[Saved data entries]
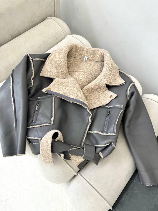 Новый цвет любимой модели 🥹🩶🩶🩶 В наличии в новом цвете Размеры: S M L Эко кожа и мех овчинки Люкс качество, темп режим до -10, пояс в Замеры: S: ог 61, рукав 69, длина 60 см, плечи 43 см M: ог 62, рукав от шеи 71, длина 61 см, плечи 44 см L: ог 63, рукав 72, длина 62, плечи 45 см
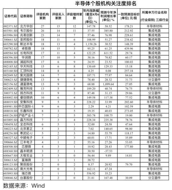 Wind数据显示,A股电子板块(申万一级行业)内半导体企业共有59家从机构关注度方面看,共有44只个股有机构评级其中北方华创(002371.SZ)有27家机构评级,位居榜首另外,韦尔股份(603501.SH)、兆易创新(603986.SH)、圣邦股份(300661.SZ)等17只个股均有10家以上机构评级。
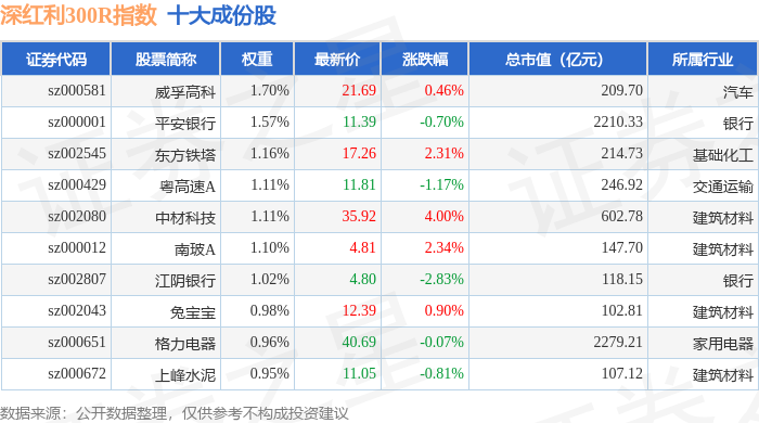 证券之星消息,10月29日,深红利300R(470062)指数报收于8208.27点,涨1.11%,成交2312.17亿元,换手率2.03%。当日该指数成份股中,上涨的有196家,三环集团以10.25%的涨幅领涨,下跌的有96家,中兴通讯以6.46%的跌幅领跌。
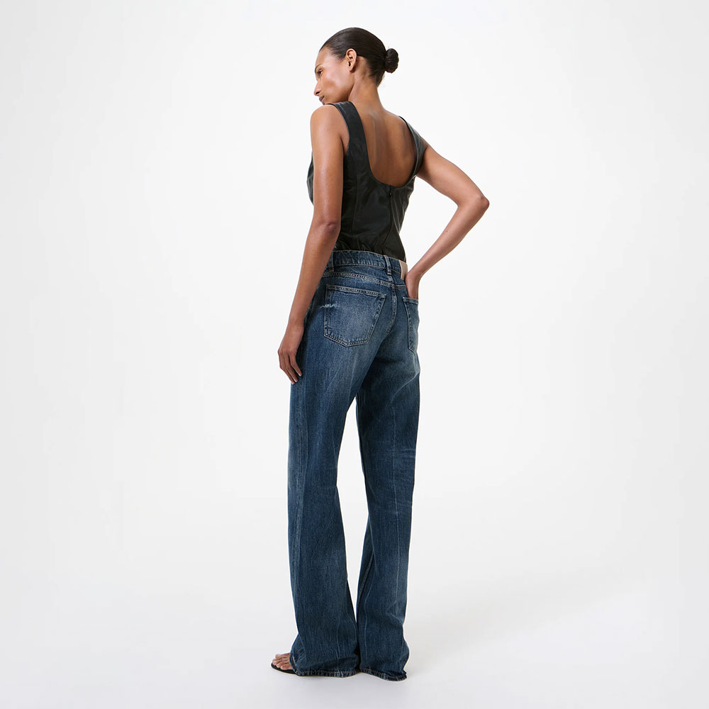 インディゴ染めを施したトルコ製ブロークンツイルデニムを使用し、ヴィンテージウォッシュ加工によって味わい深い表情に仕上げられています。シルエットはやや長めのレッグラインに、緩やかなブーツカットを組み合わせたバランスの良いデザイン。ジップフライ、スチールリベット、5ポケット仕様、OUR LEGACYのエンボスパッチなど、クラシックなデニムディテールを備えています。ブロークンツイルデニムは、通常のツイル織りに見られる斜めのラインを途中で切り替えることで、不規則なジグザグ状の織り柄を生み出した特別な織り構造が特徴です。この独特の織りによって生地の表情に奥行きが生まれるだけでなく、一般的なデニムに見られるねじれを軽減する効果もあります。
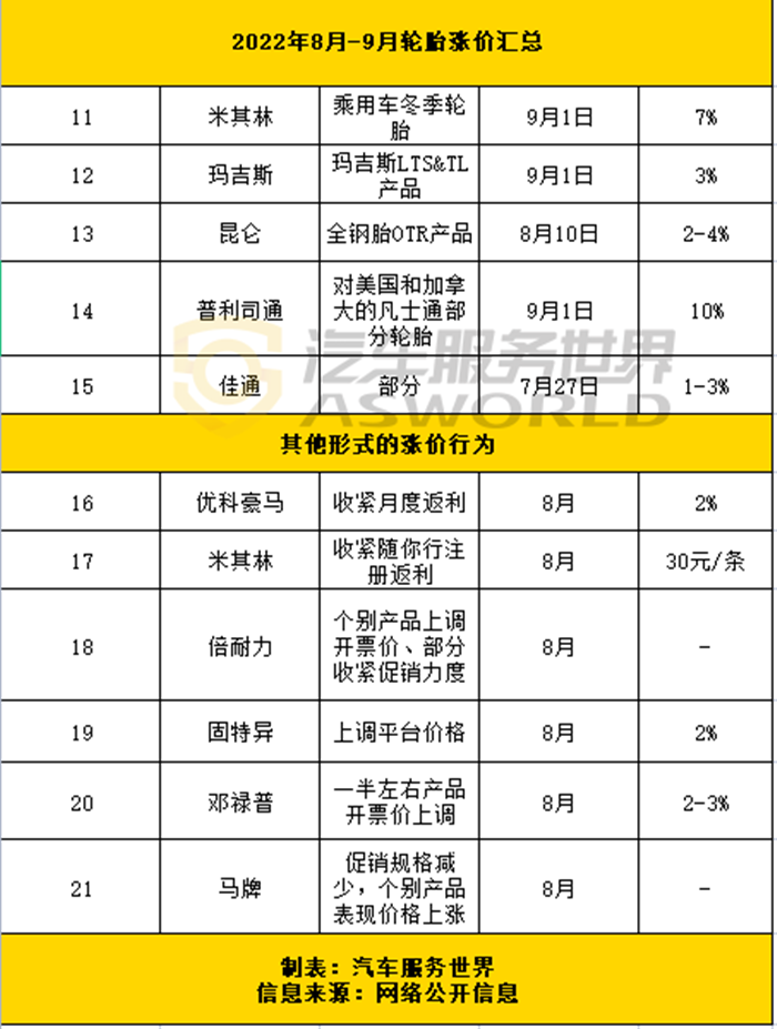 8-9月機(jī)油、輪胎漲價(jià)信息匯總
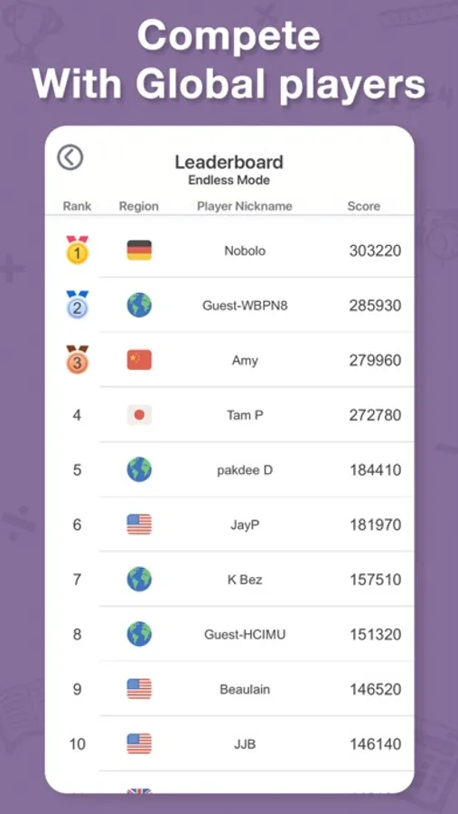 -Challenge the endless mode and compete with global players for rankings. The higher the level, the more points you get!
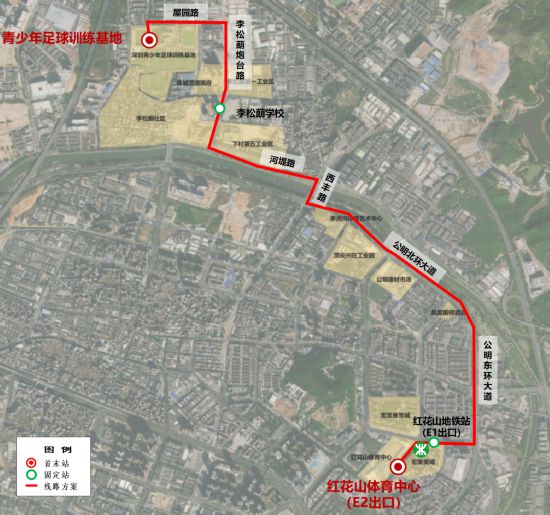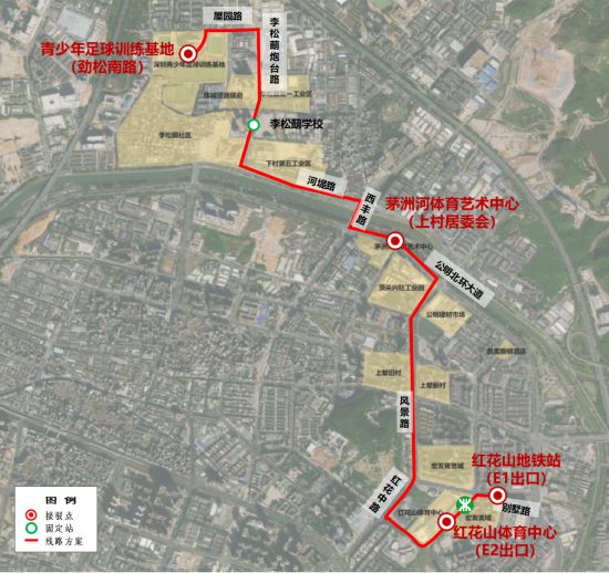 停靠站點:紅花山體育中心(東側)-紅花山地鐵站(南側)-李鬆蓢學校(東側)-深圳市青少年足球訓練基地落客點

> Description of the task
Each line of the data must be transcribed exactly; pictures are not carried over.

> Answer to the problem
 Новый цвет любимой модели 🥹🩶🩶🩶 В наличии в новом цвете Размеры: S M L Эко кожа и мех овчинки Люкс качество, темп режим до -10, пояс в Замеры: S: ог 61, рукав 69, длина 60 см, плечи 43 см M: ог 62, рукав от шеи 71, длина 61 см, плечи 44 см L: ог 63, рукав 72, длина 62, плечи 45 см
 Wind数据显示,A股电子板块(申万一级行业)内半导体企业共有59家从机构关注度方面看,共有44只个股有机构评级其中北方华创(002371.SZ)有27家机构评级,位居榜首另外,韦尔股份(603501.SH)、兆易创新(603986.SH)、圣邦股份(300661.SZ)等17只个股均有10家以上机构评级。
 证券之星消息,10月29日,深红利300R(470062)指数报收于8208.27点,涨1.11%,成交2312.17亿元,换手率2.03%。当日该指数成份股中,上涨的有196家,三环集团以10.25%的涨幅领涨,下跌的有96家,中兴通讯以6.46%的跌幅领跌。
 インディゴ染めを施したトルコ製ブロークンツイルデニムを使用し、ヴィンテージウォッシュ加工によって味わい深い表情に仕上げられています。シルエットはやや長めのレッグラインに、緩やかなブーツカットを組み合わせたバランスの良いデザイン。ジップフライ、スチールリベット、5ポケット仕様、OUR LEGACYのエンボスパッチなど、クラシックなデニムディテールを備えています。ブロークンツイルデニムは、通常のツイル織りに見られる斜めのラインを途中で切り替えることで、不規則なジグザグ状の織り柄を生み出した特別な織り構造が特徴です。この独特の織りによって生地の表情に奥行きが生まれるだけでなく、一般的なデニムに見られるねじれを軽減する効果もあります。
 8-9月機(jī)油、輪胎漲價(jià)信息匯總
 -Challenge the endless mode and compete with global players for rankings. The higher the level, the more points you get!
 停靠站點:紅花山體育中心(東側)-紅花山地鐵站(南側)-李鬆蓢學校(東側)-深圳市青少年足球訓練基地落客點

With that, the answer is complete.